Леонид СЕРГЕЕВ
МОЙ  ВЕЛИКИЙ  ДРУГ

И на многолюдной улице, и в тиши двора — всюду он был значителен одним своим присутствием, всюду был хозяином положения, всегда говорил напрямик и слова его были весомые и четкие, как отливки из металла. От него исходила властная подъемная сила, некий магнетизм, который будоражил окружающих. Несговорчивый бунтовщик, лидер по натуре, он заражал своей энергией, за ним шли, ему верили; бывшие фронтовики меж собой звали его «командир», «крутой мужик». Неутомимый непоседа, он вечно спешил, точно экономил время, хотел не просто побольше сделать, а выжать из жизни все, что можно выжать в его положении. Его несгибаемость была ответом на вызов судьбы. И самое поразительное — несмотря на увечье, он сохранил светлый взгляд на мир и ко всяким бытовым неурядицам — а их хватало в то послевоенное время — относился весело, не разухабисто-весело, а иронично-весело, чем снимал у людей раздражительность и злость; правда, иногда его ирония отдавала горечью. Таким я запомнил фронтовика «командира» дядю Колю, безногого инвалида, передвигавшегося на каталке с подшипниками.

Широкогрудый, широколицый, всегда гладко выбритый, он, в отличие от других фронтовиков, носил китель без наград и нашивок за ранения, и никогда не говорил о войне. В то время инвалиды с утра до вечера торчали в пивной; многие из них опустились — ходили небритыми, оборванными, изъяснялись без всяких ограничений — через слово пуляли матом; особо запойные дебоширили, дрались друг с другом костылями, а разбредаясь по домам, орали во всю глотку и швыряли камни в окна со слепой незатухающей ненавистью. Страх, сокрушающий все ужас, катился перед пьяными инвалидами... Кстати, по слухам, некоторые из них и не были на фронте, а получили увечья под колесами поездов и трамваев. В самом деле, кое-кто из инвалидов так афишировал свои подвиги и бравировал наградами, что это вызывало подозрение. Говорили, что эти «герои» купили ордена и медали на барахолке (что действительно практиковалось). Днем некоторые инвалиды просили милостыню у церкви, выставляли напоказ обрубки рук и ног и пели матросские песни, вроде: «...морская пучина была нам могилой... и дно!». Им подавали — известное дело, народ наш всегда отличался состраданием и доверчивостью. Говорили также, что кое-кто из этих нищих держат в матрацах тысячи, но в это мало верилось — богатство и беспробудное пьянство — малосовместимые понятия.
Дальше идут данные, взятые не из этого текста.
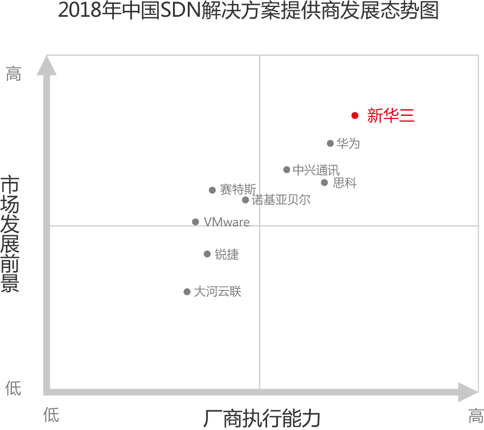 计世资讯研究显示, 2018年中国SDN(软件)市场,新华三、华为、中兴通讯、诺基亚贝尔、思科名列前五位。从当前的市场份额来看,国产厂商占据了市场的主导地位,这是由于国产化趋势的影响,且这其中的一些领先厂商可以针对不同行业用户的需求,提供场景化的解决方案和服务。
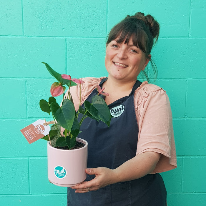 Pink Anthurium Plant In Blush Pink Ceramic Pot Mint Floral Nz
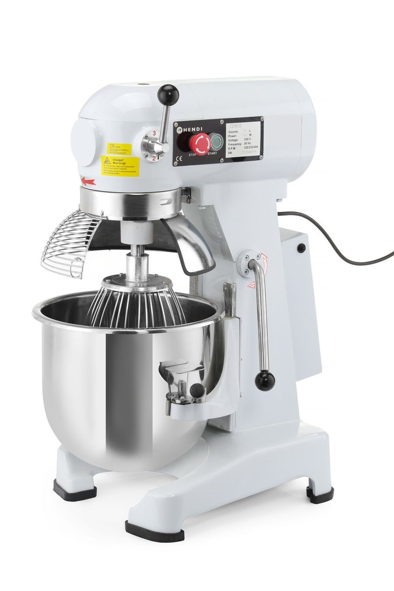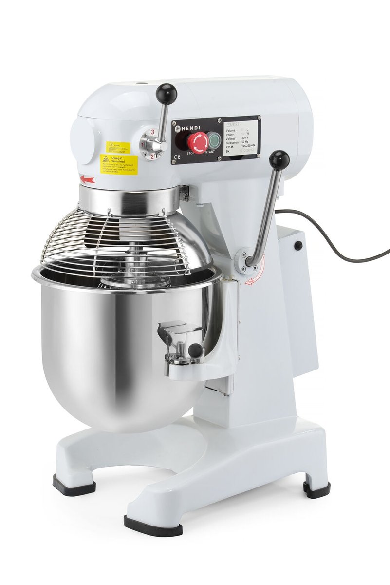Mikser planetarny marki Hendi zapewnia doskonale wyrobione ciasto, wydajną pracę oraz solidne wykonanie. Podstawa z żeliwa odpowiada za stabilną pracę miksera, a wydajny silnik o mocy 750W umożliwia pracę ciągłą do 30 min (w zależności od użytego akcesorium).
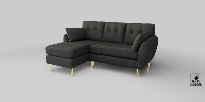 6.12.1 Buy Wilson Buttoned Back Small Sofa Chaise - Left Hand Tweedy Blend Easy Clean Charcoal Grey Metal Tapered - Gold from the Next UK online shop Click here to use our accessible website
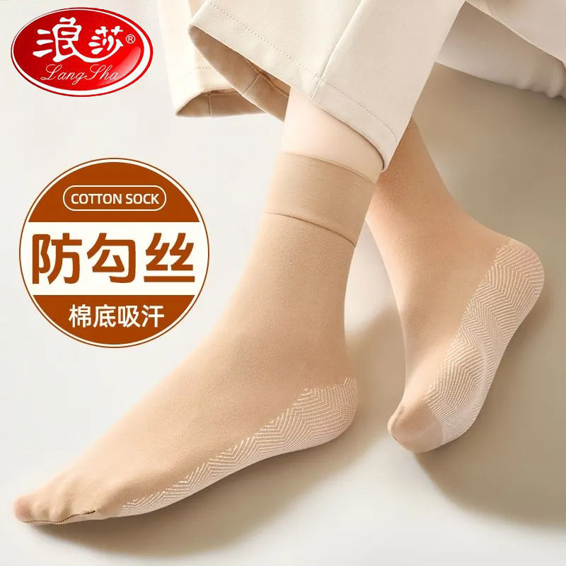 浪莎天鹅绒短袜棉底丝袜春秋冬季女袜纯棉防滑袜子女短丝袜春夏季
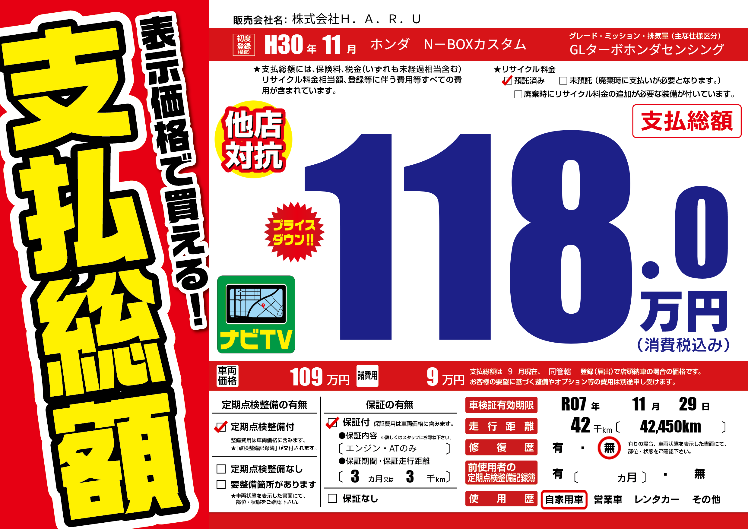 | 車検制限 | R07年 11月 29日 | ||
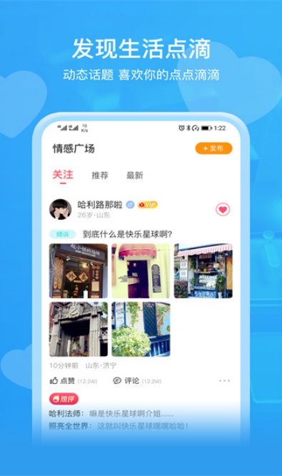 1、即见交友软件安卓官方版手机上就能用,能碰到好多志同道合的小伙伴。用户可在广场发布生活动态,也能浏览他人分享,通过点赞互动拉近距离。
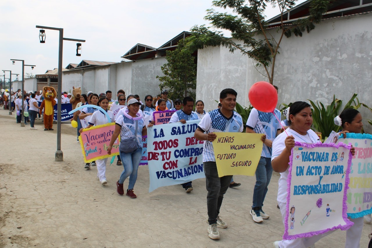 Previo a la jornada, el personal de la UNGET realizó un multitudinario pasacalle de sensibilización, con pancartas y mensajes sobre la importancia de la vacunación, en coordinación con la Municipalidad Provincial de Mariscal Cáceres.
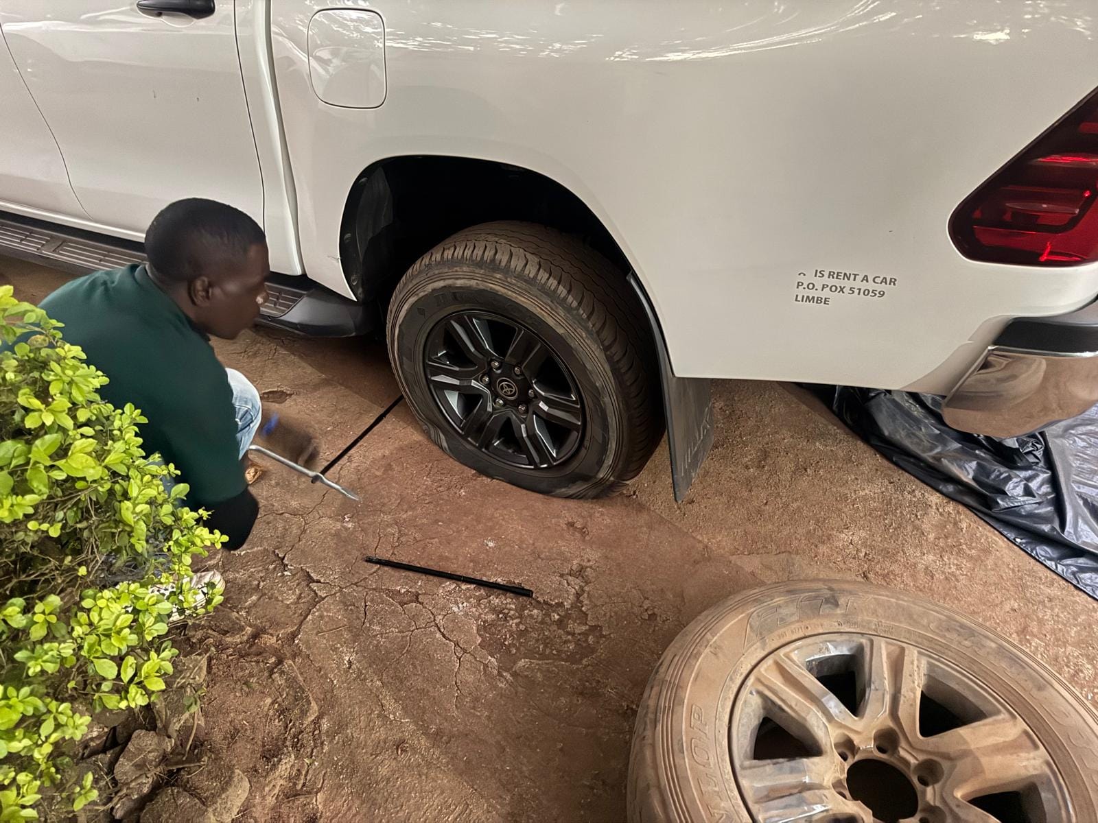 5:30am on Sunday morning, we were woken with the news that the Dayspring (Hui's vehicle, sponsored by PWMU) had a punctured tire. Immediately, we were thankful to God for keeping us safe the day prior, the tire surviving until after we had returned to our lodge. Together with the night watchman and local mechanic, Michael attempted to change the tire; only to find it stuck fast even with the car jacked up and the nuts removed. Finally, after those who were awake prayed together, and prayed over the phone with family back home, God answered our prayers! Steve wandered out, barely glanced at the wheel, gave it a single solid kick, and off it came. Indeed God is good, and provides us with all our needs, protecting us along the roads after the sun has set and delivering us to do his work each morning!

Дядя Коля тоже выпивал, но делал и это красиво, с достоинством, решительно не принимая никакого сочувствия, не допуская к себе жалости. Всем видом и поведением он как бы подчеркивал огромную дистанцию между падшими пьяницами и теми выпивающими, которые всего лишь «снимают дневное напряжение, а вообще-то сильнее всех обстоятельств». Первых он не терпел, считал, что они «сломались, погрязли в пессимизме, заливают водкой боль и тоску»; а такие, как он, выпивают только для того, чтобы «получить новый заряд для работы».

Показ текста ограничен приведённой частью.